Eu não conheceria o Major se a dona Chica não tivesse renunciado à tesoura para concentrar-se nas atividades de manicure e fofoqueira. Um dia qualquer, cheguei ao salão em que corto os cabelos desde antes de os ter, e o Major era o único profissional disponível. Imediatamente, enquanto tascava máquina três em três quintos da minha superfície capilar, encetou uma conversa para-filosófica sobre a bondade humana – um de seus temas preferidos – baseada nalgum crime particularmente cruel que estivera em evidência.

- O problema do mundo é que algumas pessoas são boas. Outras, não.

Frequentemente passo em frente ao salão e vejo Major olhando para a rua parada, ensolarada, pesada. Não é aquele olhar obtuso das ausências introspectivas que todos temos (uns mais que outros), mas a tradução física dos intrincados processos por meio dos quais desvela dentro de si os segredos universais. Nos 17 minutos que leva para me tosquiar, costuma me agraciar com alguma nova descoberta.

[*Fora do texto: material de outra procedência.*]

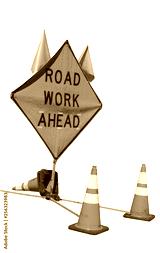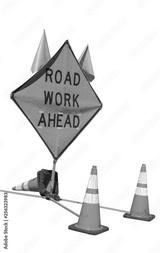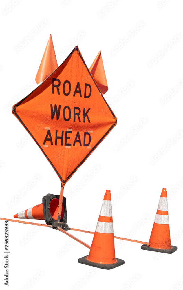 Orange ROAD WORK AHEAD sign with safety cones and flags. Isolated.
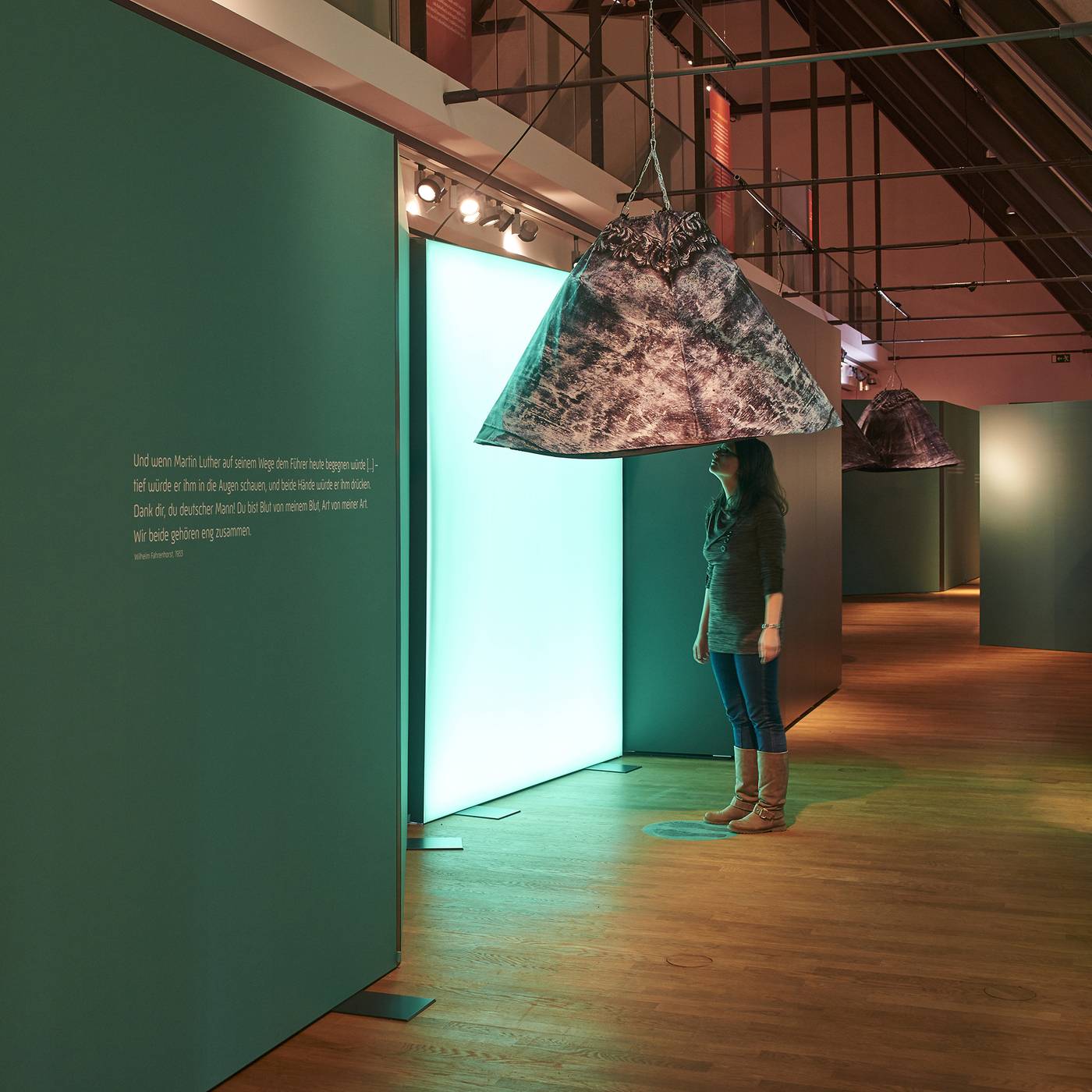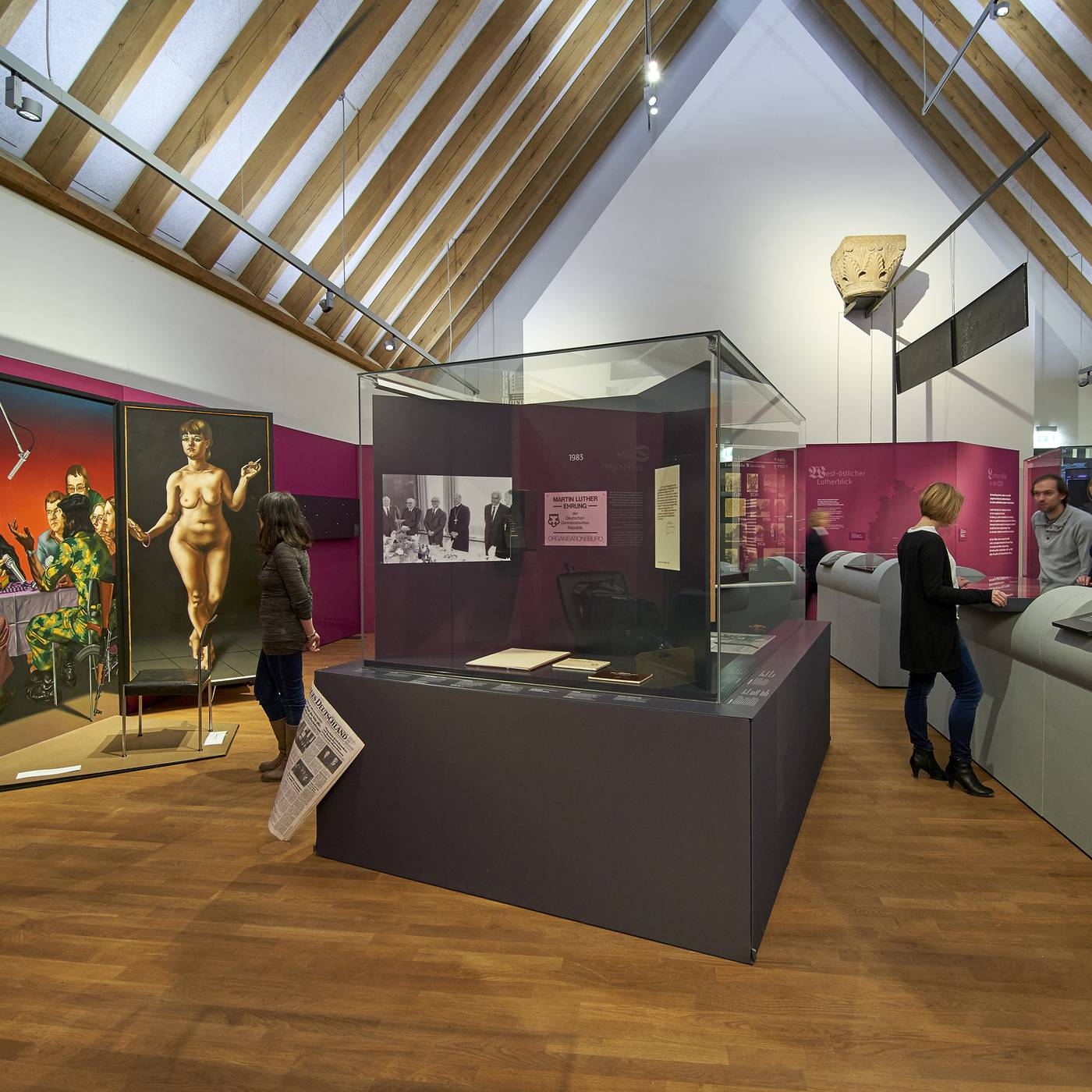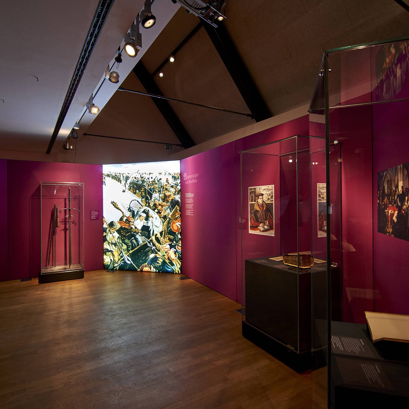 The special exhibition "LUTHER. 1917 to today" in the Landesmuseum Kloster Dalheim illuminated the figure of Martin Luther and its importance over the past 100 years using a multimedia journey through the historical rooms of the monastery. With a combination of Modulap Texframes and Lightboxes, well over 1000m² of exhibition space was realized within a defined budget. The prints were produced using the thermo-sublimation printing process on environmentally friendly Ökotex material to minimize evaporation and impact on the historical paintings. The entire exhibition architecture, including the walls and LED light walls, the orientation system, the projection surfaces and the interactive installations, was developed by Zirbes Medienagentur and K+N Kommunikationsdesign with Modulap Visual Systems. Since then, the wall structures have been used regularly, with current prints, for exhibitions in the Dalheim monastery and at other locations.

- O homem não dominou a natureza só porque é inteligente. Na verdade, estamos aqui hoje porque podemos comer de tudo, qualquer coisa. O tubarão, por exemplo, é um animal perfeito, mas não vingou. E por que não? Porque não come de tudo. Você nunca vai ver um tubarão comendo frango, por exemplo.

Desde então, a imagem do predador marinho mastigando delicadamente um frango que inexplicavelmente foi parar no fundo do mar é, para mim, a melhor alegoria para o declínio do homo sapiens. Que não virá enquanto houver gente como o rapaz que corta cabelos naquela salinha singela, na Asa Sul. Longa vida ao Major!